Records drawn from a dataset
# # # # #

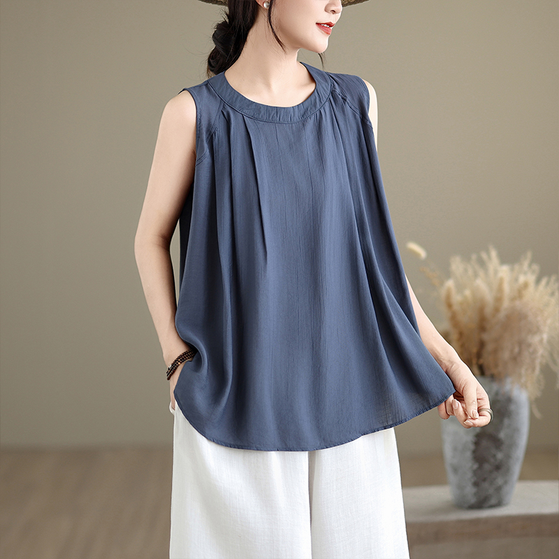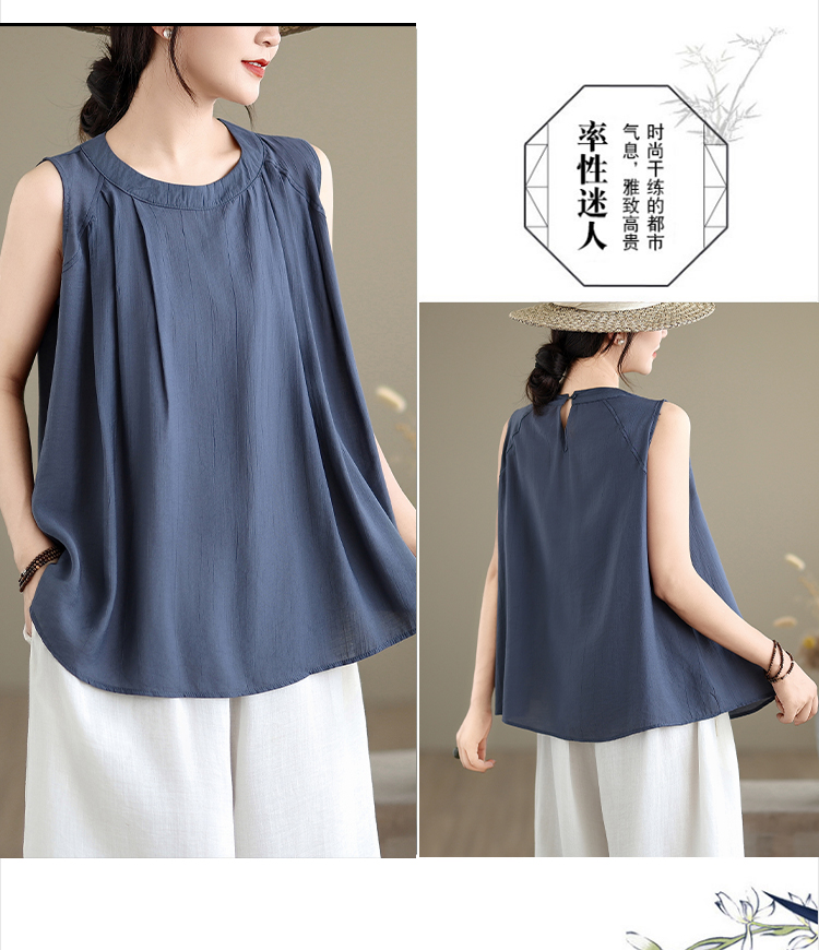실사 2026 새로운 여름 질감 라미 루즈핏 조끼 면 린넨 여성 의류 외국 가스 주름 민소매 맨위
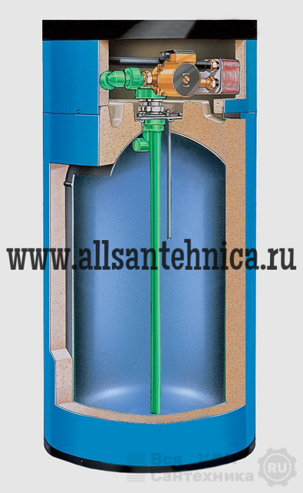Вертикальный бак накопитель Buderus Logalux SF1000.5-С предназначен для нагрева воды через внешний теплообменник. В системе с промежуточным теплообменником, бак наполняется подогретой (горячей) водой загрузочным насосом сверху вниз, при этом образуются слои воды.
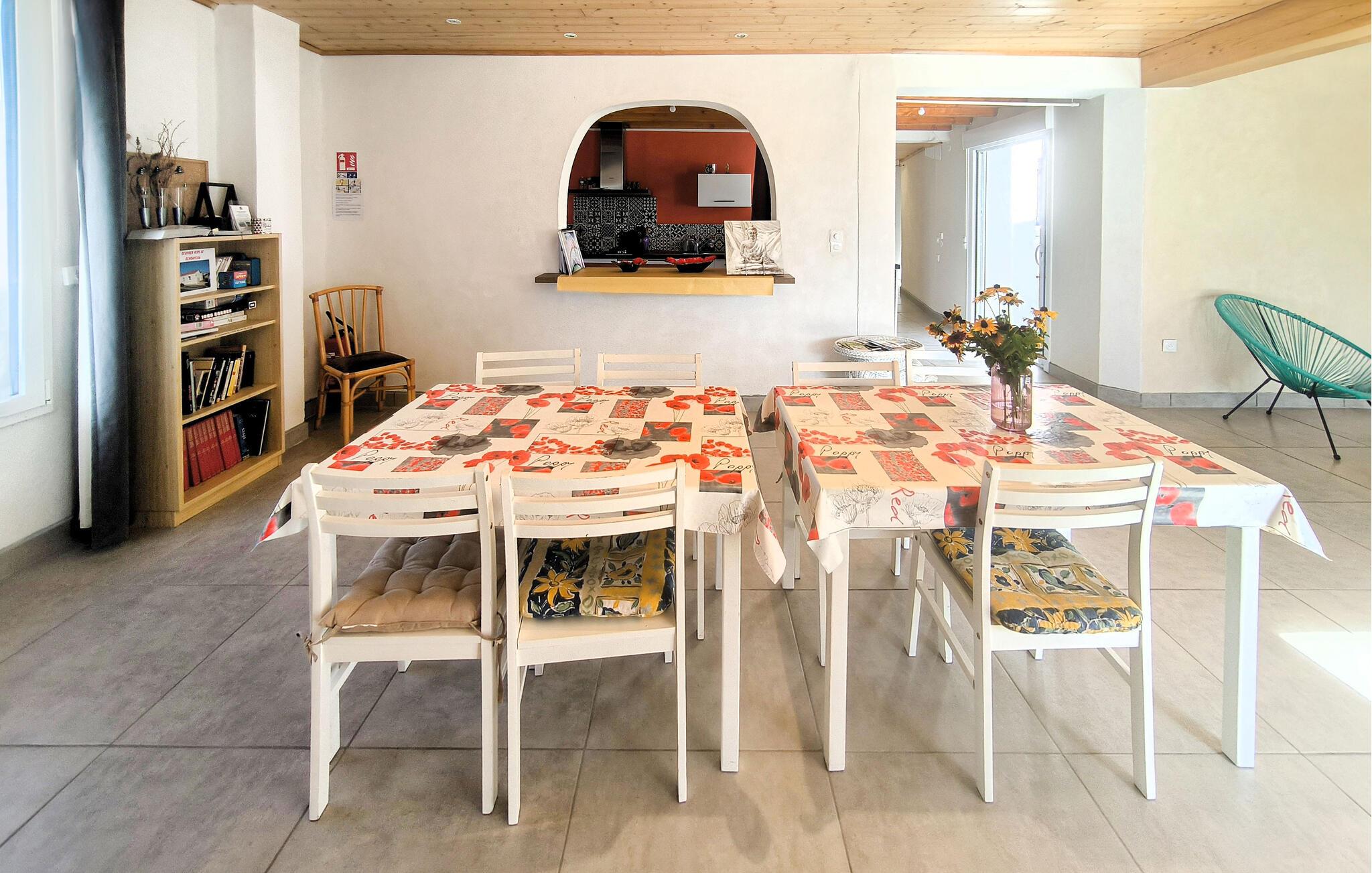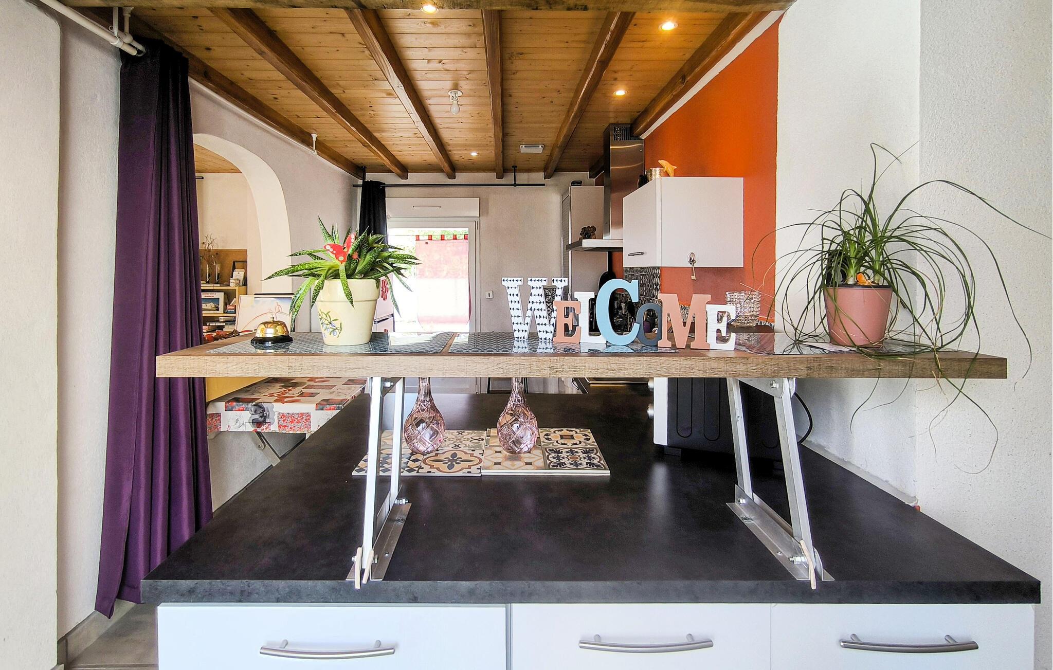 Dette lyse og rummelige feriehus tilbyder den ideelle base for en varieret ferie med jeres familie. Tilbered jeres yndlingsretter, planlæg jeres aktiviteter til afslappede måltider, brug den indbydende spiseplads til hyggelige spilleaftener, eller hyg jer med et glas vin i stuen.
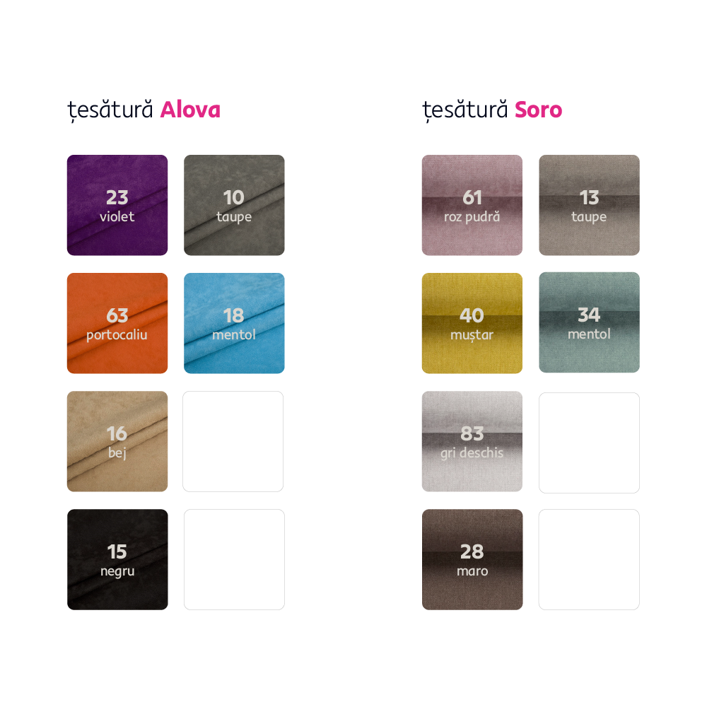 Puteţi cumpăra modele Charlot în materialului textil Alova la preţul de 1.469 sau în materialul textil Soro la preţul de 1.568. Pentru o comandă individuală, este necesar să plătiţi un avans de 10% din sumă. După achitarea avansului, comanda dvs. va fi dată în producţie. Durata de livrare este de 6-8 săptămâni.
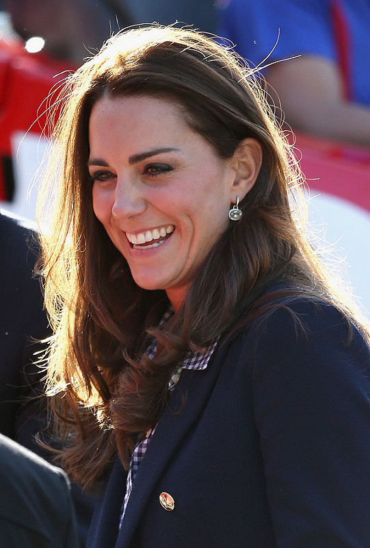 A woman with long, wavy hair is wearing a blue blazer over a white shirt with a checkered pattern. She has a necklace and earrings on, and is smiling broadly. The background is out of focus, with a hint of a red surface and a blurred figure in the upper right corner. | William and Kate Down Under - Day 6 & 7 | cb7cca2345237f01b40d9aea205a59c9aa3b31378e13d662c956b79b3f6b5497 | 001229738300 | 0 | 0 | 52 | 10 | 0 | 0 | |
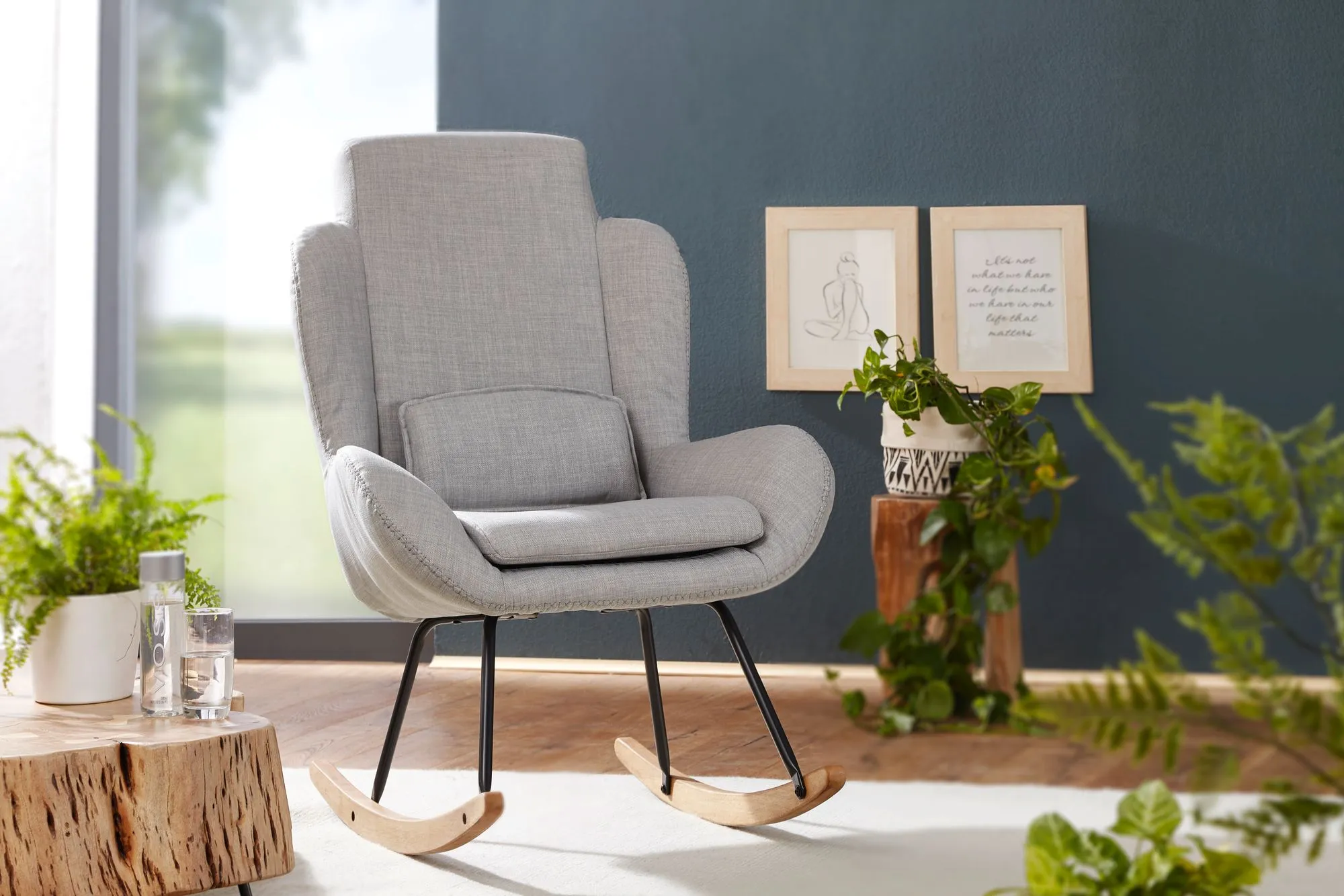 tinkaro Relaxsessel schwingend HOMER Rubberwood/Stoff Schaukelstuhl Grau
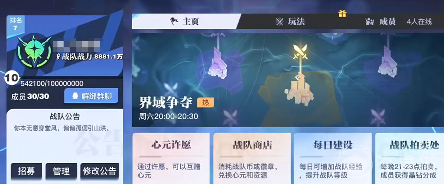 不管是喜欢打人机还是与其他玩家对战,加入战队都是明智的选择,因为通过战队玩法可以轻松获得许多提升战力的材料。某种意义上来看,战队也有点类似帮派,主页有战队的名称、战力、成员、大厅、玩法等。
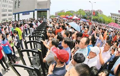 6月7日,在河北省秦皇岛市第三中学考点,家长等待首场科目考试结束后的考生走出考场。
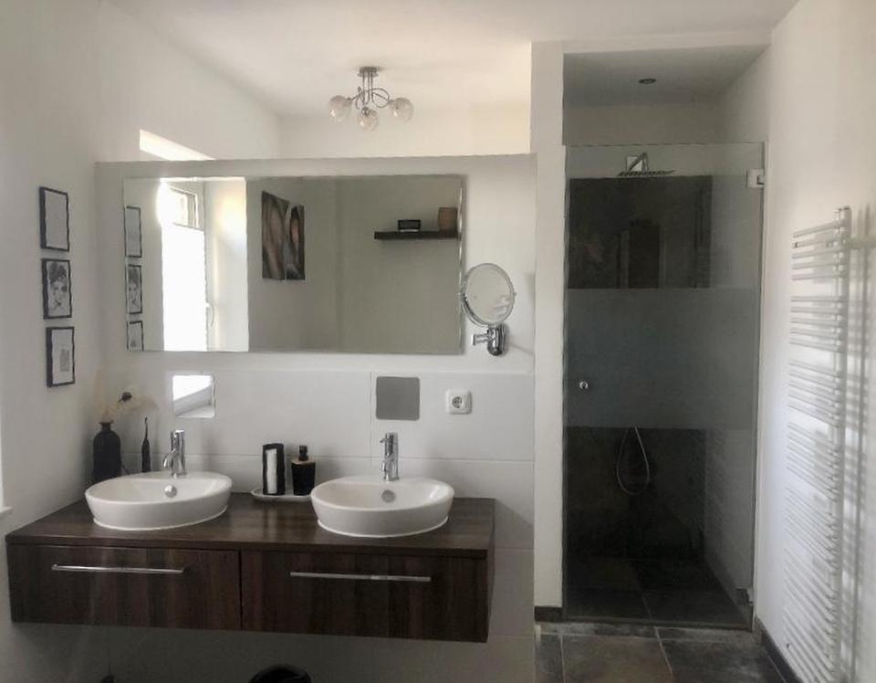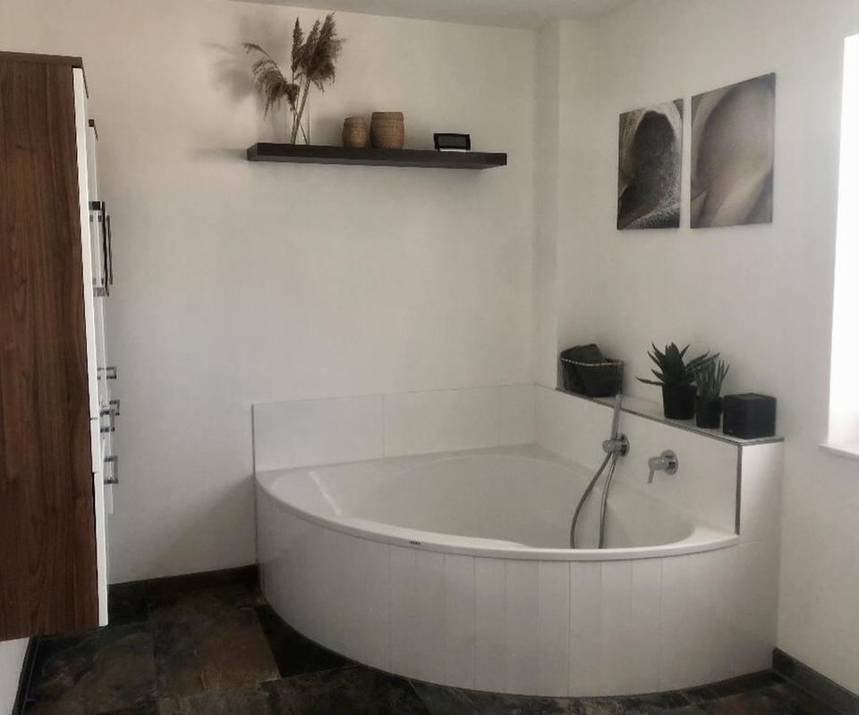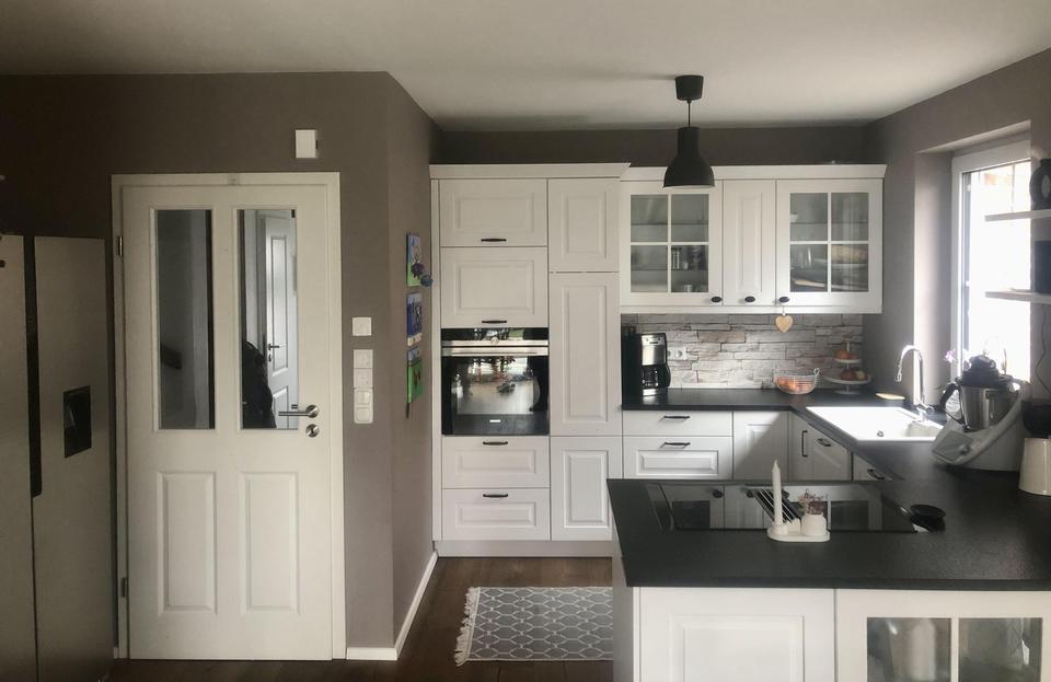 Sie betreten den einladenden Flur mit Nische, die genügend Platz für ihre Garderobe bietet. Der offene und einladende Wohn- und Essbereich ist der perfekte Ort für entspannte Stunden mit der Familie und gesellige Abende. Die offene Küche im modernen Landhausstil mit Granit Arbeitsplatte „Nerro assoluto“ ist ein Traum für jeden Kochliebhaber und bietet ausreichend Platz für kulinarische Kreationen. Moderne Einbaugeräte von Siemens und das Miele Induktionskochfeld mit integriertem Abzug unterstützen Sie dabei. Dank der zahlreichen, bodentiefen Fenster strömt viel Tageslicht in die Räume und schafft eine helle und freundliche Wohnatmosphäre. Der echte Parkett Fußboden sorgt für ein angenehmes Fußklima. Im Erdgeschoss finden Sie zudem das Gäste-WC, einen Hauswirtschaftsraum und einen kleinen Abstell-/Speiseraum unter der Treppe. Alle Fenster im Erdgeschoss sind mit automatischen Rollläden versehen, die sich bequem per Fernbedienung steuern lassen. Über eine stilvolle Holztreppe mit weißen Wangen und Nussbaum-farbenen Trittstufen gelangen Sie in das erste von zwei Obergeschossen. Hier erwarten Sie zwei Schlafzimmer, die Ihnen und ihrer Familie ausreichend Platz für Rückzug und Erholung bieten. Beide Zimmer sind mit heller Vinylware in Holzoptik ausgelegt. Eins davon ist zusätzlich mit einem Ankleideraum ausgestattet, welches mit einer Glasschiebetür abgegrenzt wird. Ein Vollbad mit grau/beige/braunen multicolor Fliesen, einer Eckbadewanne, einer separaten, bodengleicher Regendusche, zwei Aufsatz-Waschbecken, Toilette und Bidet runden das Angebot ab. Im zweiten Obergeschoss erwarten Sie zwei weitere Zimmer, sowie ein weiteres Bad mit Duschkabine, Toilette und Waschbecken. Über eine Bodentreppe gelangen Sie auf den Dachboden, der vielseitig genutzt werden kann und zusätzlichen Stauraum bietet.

# # # # #

• _WORK TO COMPLETE_: What is needed is an exact copy of every entry, minus the images.

• _WRITTEN SOLUTION_:
실사 2026 새로운 여름 질감 라미 루즈핏 조끼 면 린넨 여성 의류 외국 가스 주름 민소매 맨위
Вертикальный бак накопитель Buderus Logalux SF1000.5-С предназначен для нагрева воды через внешний теплообменник. В системе с промежуточным теплообменником, бак наполняется подогретой (горячей) водой загрузочным насосом сверху вниз, при этом образуются слои воды.
 Dette lyse og rummelige feriehus tilbyder den ideelle base for en varieret ferie med jeres familie. Tilbered jeres yndlingsretter, planlæg jeres aktiviteter til afslappede måltider, brug den indbydende spiseplads til hyggelige spilleaftener, eller hyg jer med et glas vin i stuen.
 Puteţi cumpăra modele Charlot în materialului textil Alova la preţul de 1.469 sau în materialul textil Soro la preţul de 1.568. Pentru o comandă individuală, este necesar să plătiţi un avans de 10% din sumă. După achitarea avansului, comanda dvs. va fi dată în producţie. Durata de livrare este de 6-8 săptămâni.
 A woman with long, wavy hair is wearing a blue blazer over a white shirt with a checkered pattern. She has a necklace and earrings on, and is smiling broadly. The background is out of focus, with a hint of a red surface and a blurred figure in the upper right corner. | William and Kate Down Under - Day 6 & 7 | cb7cca2345237f01b40d9aea205a59c9aa3b31378e13d662c956b79b3f6b5497 | 001229738300 | 0 | 0 | 52 | 10 | 0 | 0 | |
 tinkaro Relaxsessel schwingend HOMER Rubberwood/Stoff Schaukelstuhl Grau
 不管是喜欢打人机还是与其他玩家对战,加入战队都是明智的选择,因为通过战队玩法可以轻松获得许多提升战力的材料。某种意义上来看,战队也有点类似帮派,主页有战队的名称、战力、成员、大厅、玩法等。
 6月7日,在河北省秦皇岛市第三中学考点,家长等待首场科目考试结束后的考生走出考场。
 Sie betreten den einladenden Flur mit Nische, die genügend Platz für ihre Garderobe bietet. Der offene und einladende Wohn- und Essbereich ist der perfekte Ort für entspannte Stunden mit der Familie und gesellige Abende. Die offene Küche im modernen Landhausstil mit Granit Arbeitsplatte „Nerro assoluto“ ist ein Traum für jeden Kochliebhaber und bietet ausreichend Platz für kulinarische Kreationen. Moderne Einbaugeräte von Siemens und das Miele Induktionskochfeld mit integriertem Abzug unterstützen Sie dabei. Dank der zahlreichen, bodentiefen Fenster strömt viel Tageslicht in die Räume und schafft eine helle und freundliche Wohnatmosphäre. Der echte Parkett Fußboden sorgt für ein angenehmes Fußklima. Im Erdgeschoss finden Sie zudem das Gäste-WC, einen Hauswirtschaftsraum und einen kleinen Abstell-/Speiseraum unter der Treppe. Alle Fenster im Erdgeschoss sind mit automatischen Rollläden versehen, die sich bequem per Fernbedienung steuern lassen. Über eine stilvolle Holztreppe mit weißen Wangen und Nussbaum-farbenen Trittstufen gelangen Sie in das erste von zwei Obergeschossen. Hier erwarten Sie zwei Schlafzimmer, die Ihnen und ihrer Familie ausreichend Platz für Rückzug und Erholung bieten. Beide Zimmer sind mit heller Vinylware in Holzoptik ausgelegt. Eins davon ist zusätzlich mit einem Ankleideraum ausgestattet, welches mit einer Glasschiebetür abgegrenzt wird. Ein Vollbad mit grau/beige/braunen multicolor Fliesen, einer Eckbadewanne, einer separaten, bodengleicher Regendusche, zwei Aufsatz-Waschbecken, Toilette und Bidet runden das Angebot ab. Im zweiten Obergeschoss erwarten Sie zwei weitere Zimmer, sowie ein weiteres Bad mit Duschkabine, Toilette und Waschbecken. Über eine Bodentreppe gelangen Sie auf den Dachboden, der vielseitig genutzt werden kann und zusätzlichen Stauraum bietet.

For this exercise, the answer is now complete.